Usually, this type of machining requires the programming of needed CNC devices and that means they are also numerically controlled by the computer. The CNC device is the one who allows for the exact dimensions that are to be followed all throughout the entire run of a certain product. To know more about precision machining, visit Howarth Engineering.

Information About Computer-Aided Design (CAD)

CAD is an acronym for Computer-aided design, which uses computer in designing an object, creating a construction plan, drafting a drawing and many other special effects. CAD doesn’t only involve creating shapes but involves more technical and detailed drawings. The product of CAD design produces a detailed output. CAD is usually used to create two-dimensional (2D) and three-dimensional (3D) object and with specific details added.

CAD is widely used in different application, this includes architectural and industrial design, aerospace and automotive industries, construction and building industries and many others that is sometimes can be beyond our imagination. To create a special effects, and technical layouts and manuals in movies and advertisement, computer animation with the aid of CAD is very much used techniques. In architectural and construction industries, CAD is used to create a drafting design of houses and buildings and other commercial and industrial establishments.

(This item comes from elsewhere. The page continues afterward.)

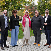 Auf dem Bild sind fünf Männer auf dem Dach des Reuchlin-Gymnasiums zu sehen, die sich über die Inbetriebnahme der dortigen Photovoltaikanlage freuen.
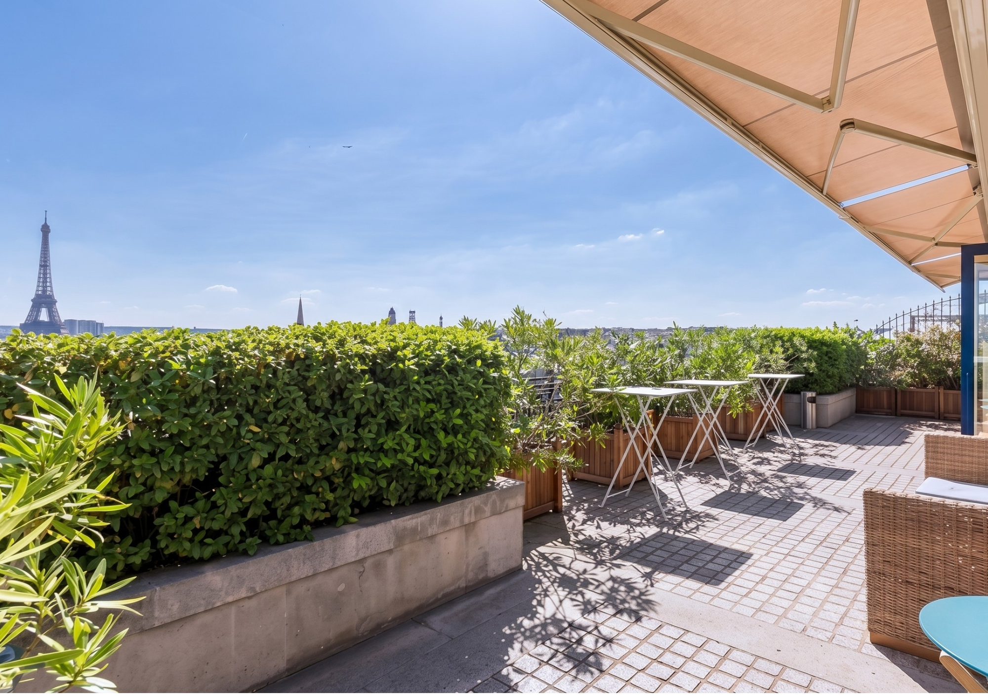 Le véritable atout de ce lieu reste sa terrasse panoramique de 65 m², offrant une des plus belles vues de Paris. Vous y admirerez un panorama unique sur l’Arc de Triomphe, la tour Eiffel, le Grand Palais, les Invalides et bien d’autres monuments emblématiques de la capitale.

CAD is used to create detailed engineering layout, design and drawing of the physical structure of a certain object or product. CAD allows the designer or artist to create and layout their design on screen, save it for future reference and editing and can be printed out to create a blue print and to produce a hard copy of a certain project.

Software packages ranges from 2D, 3D and surface modelers. CAD software is usually compatible for all major operating system. Some CAD software is made specifically for a certain platform, like AutoCAD which only works in Windows operating system only. Some other CAD software also has hardware compatibility issue. Some requires large amount or memory, huge hard drive space and higher video card resolution.

The interface used to create a CAD design is usually a mouse, digitizing tablet and pen and a spaceball. Some other uses stereoscopic glasses to view the three-dimensional design of the object.